Three weeks of the 2012 NFL season are in the books and if you’ve missed any of the action thus far, LATF has you covered with the biggest stories across the league. First up this week:
The biggest story of the year revolves around the men in the striped shirts, not the ones in jerseys and shoulder pads. The NFL’s regular officiating crews remain in a prolonged contract dispute with the NFL over salary and pension benefits, and NFL commissioner Roger Goodell has turned to replacement referees to pick up the slack. How have they done? Just ask the players and coaches. Patriots linebacker Brandon Spikes tweeted, “Can someone please tell these f—— zebras foot locker called and they’re needed Back at work!!!! #BreakingPoint.” “Missed calls & bad calls are going to happen,” Browns linebacker Scott Fujita wrote on Twitter. “That’s part of the deal & we can all live with it. But not knowing all the rules and major procedural errors are completely unacceptable. Enough already.” New England Patriots head coach Bill Belicheck grew so angry Sunday night that he actually grabbed a replacement official by the arm, an almost unheard of action which will surely earn a major fine from the NFL. Even legendary Sports Illustrated NFL columnist Peter King has chimed in, saying that “the legitimacy of NFL games is at stake with officials who simply aren’t suited to work games of [this level of] intensity and importance.”

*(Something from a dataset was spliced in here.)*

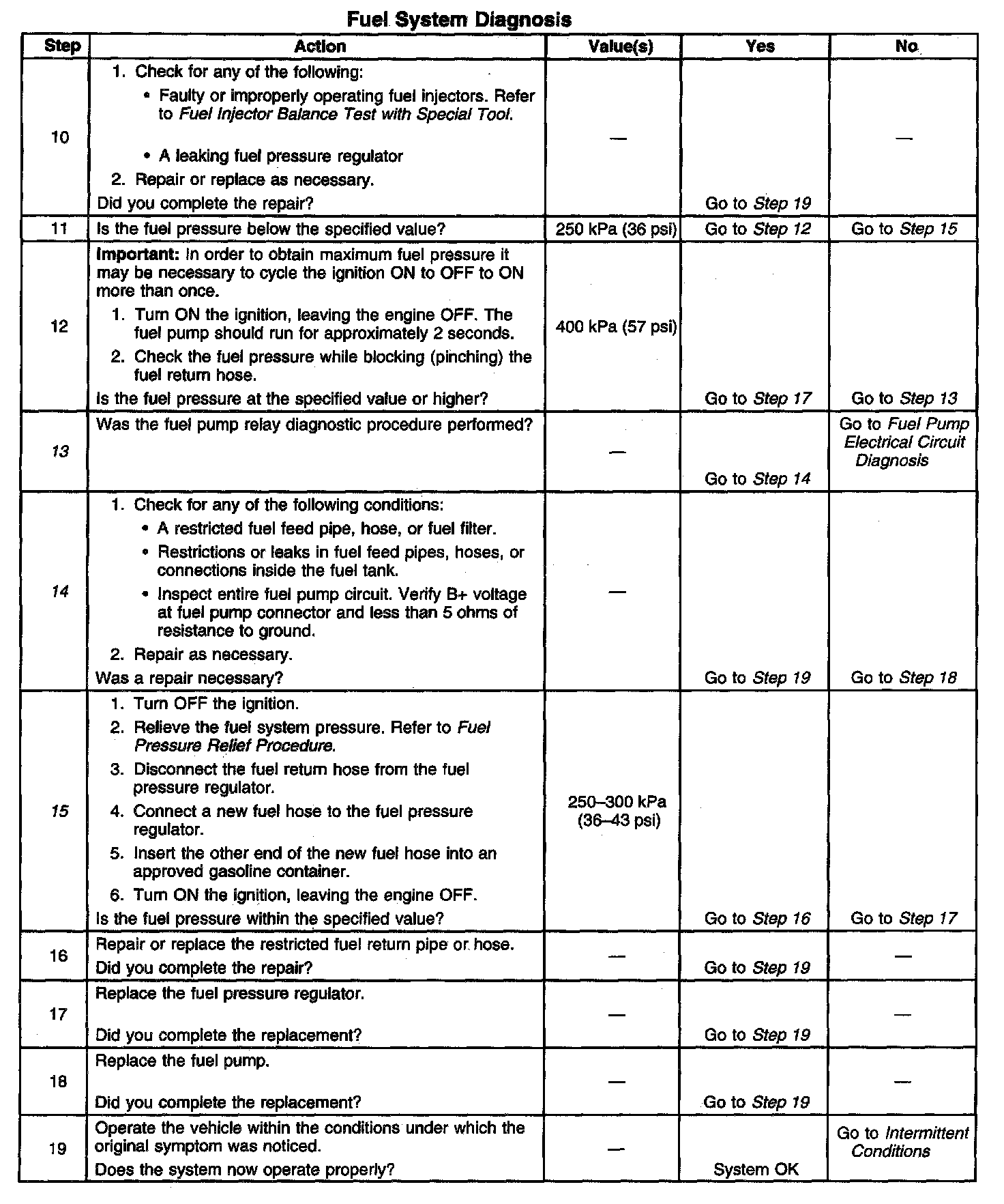14. This step checks for additional conditions that can cause low fuel pressure other than a faulty fuel pump. Check for any restrictions or blockage in the fuel feed lines and hoses, including those inside the fuel tank. Check the fuel pump electrical circuit for excessive resistance. Proper fuel pump operation requires correct voltage and adequate current flow.
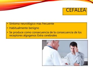 El documento trata sobre la cefalea. Describe que la cefalea es el síntoma neurológico más frecuente y puede afectar hasta al 50% de la población. Explica que la cefalea tensional y la migraña son los dos tipos más comunes. Detalla los enfoques de evaluación, diagnóstico e identificación de cefaleas primarias y secundarias, así como las opciones de tratamiento farmacológico y no farmacológico.

But the coup de grâce occured on Monday Night Football. Throughout the NFL season, supporters of the scab refs have clung to the argument that none of the bad calls made by these refs have ever determined the outcome of a game. Unfortunately for the NFL, that argument is no longer valid. In a tightly contested matchup between the Seattle Seahawks and the Green Bay Packers on Monday Night, the officials blew a call on the last play of the game that flat out robbed a victory from the Packers. With no time left and the Seahawks down by five, Seattle quarterback Russell Wilson threw a pass to the endzone. With the ball in the air, wide receiver Golden Tate shoved the nearest Packer to the ground; one of the more blatant offensive pass interference penalties of the year. Except the replacement refs missed it. To make matters worse, Wilson’s pass was apparently intercepted by the Packers’ Jennings, but Tate wrestled control of the ball from him when they were on the ground. What was the call? Touchdown!
To be fair, many of the much-maligned replacement referees have never worked games above high school or the NCAA division III levels, where blown calls may anger parents in the stands but have no chance of earning national media attention. Now their every move has been placed under an extreme microscope and every mistake is chastised on national TV, at which point millions of fans (and players apparently) around the world take to twitter to express their anger.

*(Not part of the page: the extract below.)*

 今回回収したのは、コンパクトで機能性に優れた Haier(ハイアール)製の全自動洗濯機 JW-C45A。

Regardless of whether the criticism is fair or not, this situation has become an embarrassment for the league. Word has leaked from the officials’ union that the biggest holdup in negotiations is pension benefits, which the NFL wants to cut nearly in half for the league’s 120 regular referees. That comes out to about $3 million against the NFL’s bottom line every year. While that may seem like a lot of money, for a league that brought in over $9 billion in revenue last year and continues to grow, $3 million is an embarrassingly low total to go to such great lengths to protect. Goodell gambled that the difference between the league’s regular officials and the guys he pulled off the street would be negligible, but he has been dead wrong. Now the regular referees’ leverage in negotiations with the league has only increased. Mr. Goodell, in the words of Teddy KGB in “Rounders,” “It is time to pay these men, pay these men their money.”